На планёрке становится не до того – ночью была пара сложных случаев, да ещё и в ОРИТ лежат двое тяжёлых. После окончания зал быстро пустеет, и я тороплюсь к себе. На обходе-то точно поймаю её.

Вот только почти сразу вслед за мной в кабинет влетает встревоженная Надежда.

– Никита Сергеевич, Аня не пришла на работу!

Я даже не обращаю внимания на то, что медсестра называет врача по имени. Такое ощущение, что мне с размаху дали в солнечное сплетение. Чуть не потеряв равновесие, хватаюсь за край стола.

– Как… не пришла?!

– Я не видела её с утра, подумала, ну мало ли, задерживается, хоть это на неё и не похоже, – ломая пальцы, говорит Надежда. – Потом на пятиминутке… ну вы видели, сколько народу было. Я решила, может, упустила её. Но сейчас все собрались на обход. Анны Николаевны нет. Телефон у неё недоступен.

Смотрит на меня, и я вижу испуг в её глазах.

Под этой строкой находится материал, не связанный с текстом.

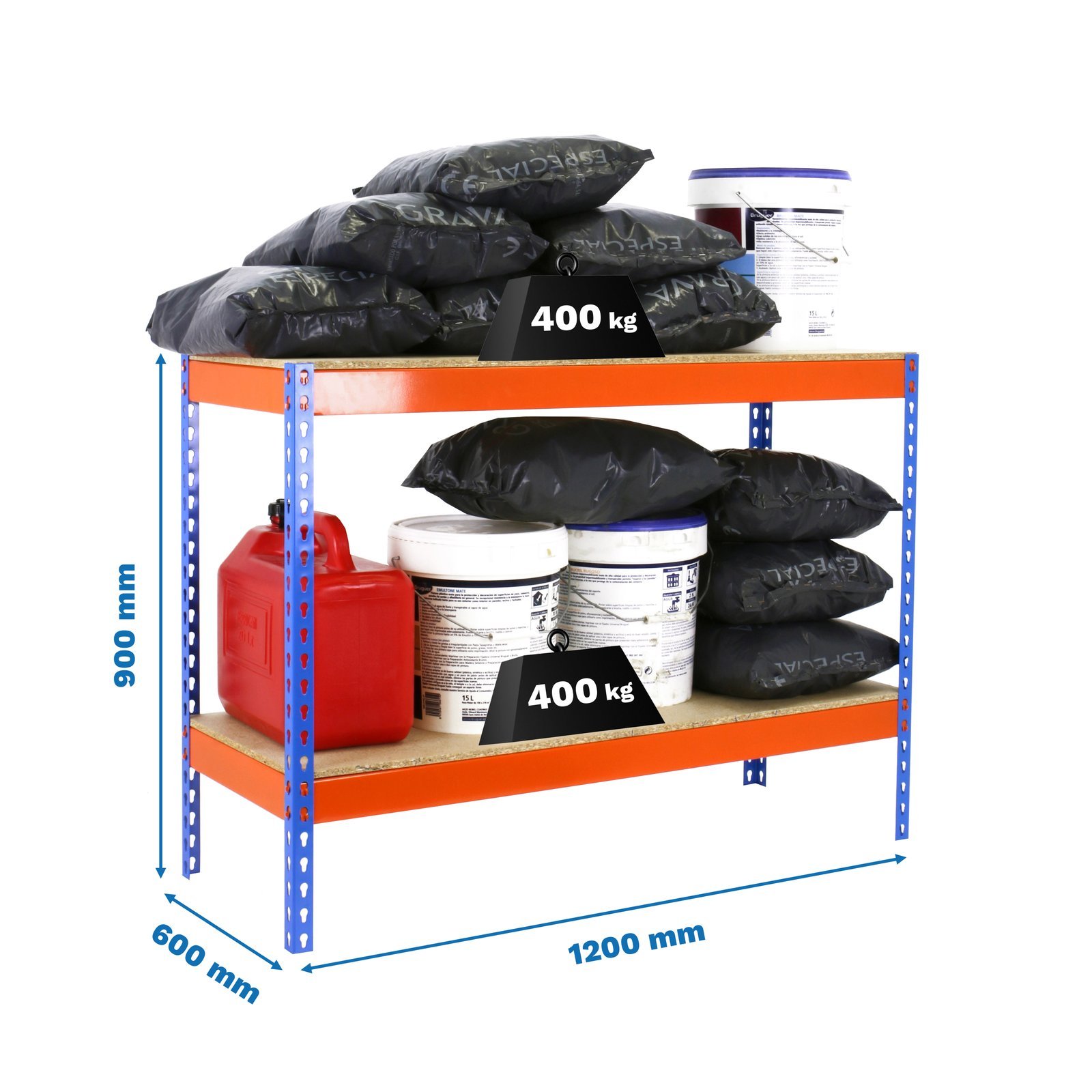 Estanteria metalica media carga de color azul/naranja/madera con 2 alturas. Tiene una capacidad de carga por estante de 400 kg y una capacidad total de 800 kgs. Con unas medidas en mm de 900x1200x600. Incluye 2 bandejas de aglomerado. Fabricada en Europa por Simonrack y se monta rapido siguiendo las instrucciones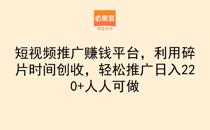 正常来说,每天只需要抽出碎片时间发布3-5条推广内容,单条内容带来的推广收益就能达到30-80元,熟练之后,日均稳定收益在180-260元之间,达到日赚220+的目标门槛并不高。平台上项目类型丰富,规则透明,没有复杂的入驻要求,是短视频推广赚钱平台里适合新手长期深耕的选择。必集客是一个项目资源对接平台,提供副业项目和合作资源,适合找合作、拓业务的朋友。

На секунду закрываю свои, чтобы не показать, что чувствую то же самое.

– Вас ждут, Никита Сергеевич, – тихо произносит медсестра, и я понимаю, что она права.

Я не могу сейчас никуда сорваться, даже если единственное, чего хочу – это прыгнуть в машину и, плюнув на всё, мчаться к Ане домой. Я заведующий и главный хирург отделения. У меня обход и пациенты, некоторые из которых в тяжёлом состоянии.

– Надежда Константиновна, пожалуйста, попробуйте ещё раз дозвониться Ане… Анне Николаевне, – исправляюсь, и медсестра кидает на меня внимательный взгляд. – Может быть, она заболела, или… я не знаю… проспала, а телефон разрядился, всякое случается, – говорю и сам себе не верю.

Она бы никогда не пропала просто так.

– И ещё… у нас в отделении лежала её подруга, – пытаюсь припомнить имя, но оно ускользает из памяти. – С огнестрельным. Я сам проводил торакотомию. Чёрт, не могу вспомнить, как её зовут… Марина? Или Мария? В истории болезни должен быть телефон.

– Я попробую найти, – Надежда неуверенно кивает, но я понимаю, что это вряд ли, времени у неё не хватит.

– Просто свяжитесь с архивом, пусть принесут мне в кабинет истории болезни за… – задумываюсь, когда же это было? Вроде бы в конце весны, – …за апрель и май. Я сам поищу.

Почему-то у меня нет ни малейшей надежды, что Аня ответит на звонок.

Иду к группе врачей и интернов, ждущих меня, чтобы начать обход. Всё идёт по заведённому плану. Только Аниных пациентов осматриваю самостоятельно. На чей-то вопрос отвечаю, что Анна Николаевна взяла несколько дней за свой счёт. Не хватало ещё, чтобы по отделению пошли слухи. Она столько раз меня прикрывала, что этот минимум я не просто могу – обязан для неё сделать.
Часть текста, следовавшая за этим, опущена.